Work item: Return exactly, please, the lines from the one containing "Strapless and fully-boned, the" to the last line of the entries below, and nothing else, leaving pictures out.

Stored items

- - -

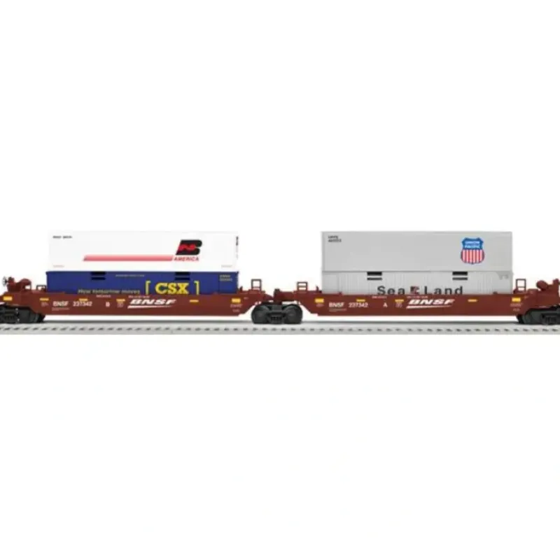 Here is a Lionel 6-81466 Burlington Northern Santa Fe Maxi-Stack (Set of 2). Features include plastic construction, die-cast trucks, knuckle couplers, metal wheels & axles and two removable molded containers per car.
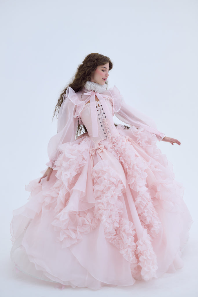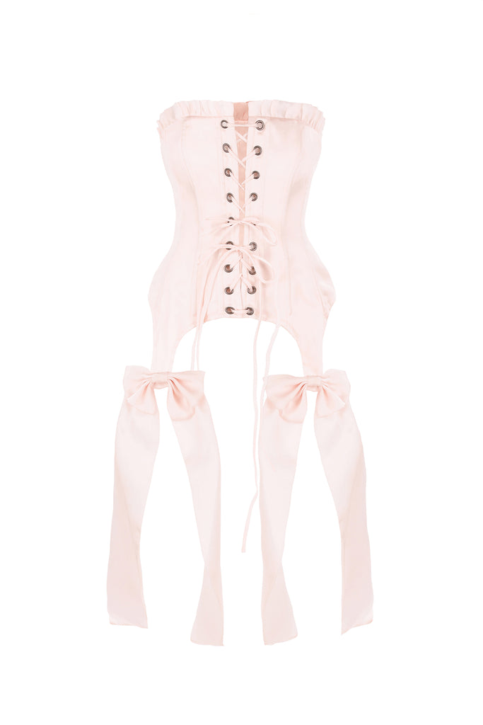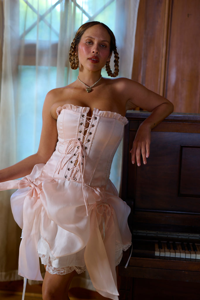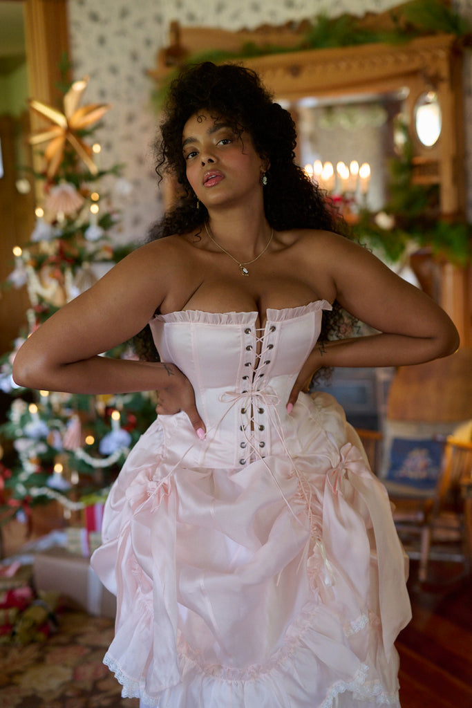 Strapless and fully-boned, the A La Mode Corset is designed to make you feel ravishingly beautiful—two fully adjustable draw cords lace up the center, so you may cinch it as you please. Tiny ruffle details at the bust add additional femininity, and garter bows descend below the waist. Savor the visual decadence of Confection, where this delicate, airy pastel looks sweeter than a cream puff dusted with snow powdered sugar.
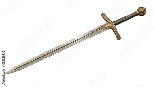 Highquality photo of a sword on a white background. Photo realistic photo.
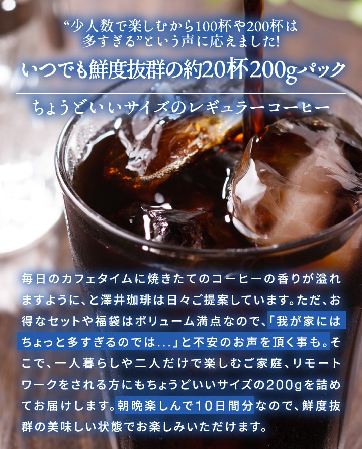 | 商品名 | 受け取り便利!澤井の200gレギュラーアイスコーヒー |
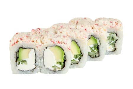 Норі, рис, лосось теріякі, огірок, крем-сир, кунжут білий, авокадо
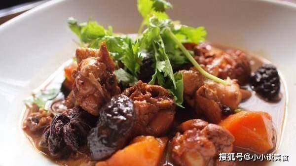 3.蓋上浸泡香菇的水或加入少許高湯(如果有的話),直到雞塊被淹沒。大火燒開,文火煮約20分鐘至湯汁收幹,再大火翻炒幾下,下蔥出鍋
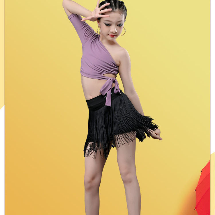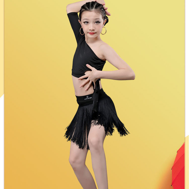 ダンスウェア ラテンダンス latin 二点セット キッズ ラテン レオタード+スカート 演出 女の子 高級感 ステージ 発表会 舞台 競技 練習用 ブラック グレー 120~170cm wudao-

- - -

Finished task:
 Strapless and fully-boned, the A La Mode Corset is designed to make you feel ravishingly beautiful—two fully adjustable draw cords lace up the center, so you may cinch it as you please. Tiny ruffle details at the bust add additional femininity, and garter bows descend below the waist. Savor the visual decadence of Confection, where this delicate, airy pastel looks sweeter than a cream puff dusted with snow powdered sugar.
 Highquality photo of a sword on a white background. Photo realistic photo.
 | 商品名 | 受け取り便利!澤井の200gレギュラーアイスコーヒー |
 Норі, рис, лосось теріякі, огірок, крем-сир, кунжут білий, авокадо
 3.蓋上浸泡香菇的水或加入少許高湯(如果有的話),直到雞塊被淹沒。大火燒開,文火煮約20分鐘至湯汁收幹,再大火翻炒幾下,下蔥出鍋
 ダンスウェア ラテンダンス latin 二点セット キッズ ラテン レオタード+スカート 演出 女の子 高級感 ステージ 発表会 舞台 競技 練習用 ブラック グレー 120~170cm wudao-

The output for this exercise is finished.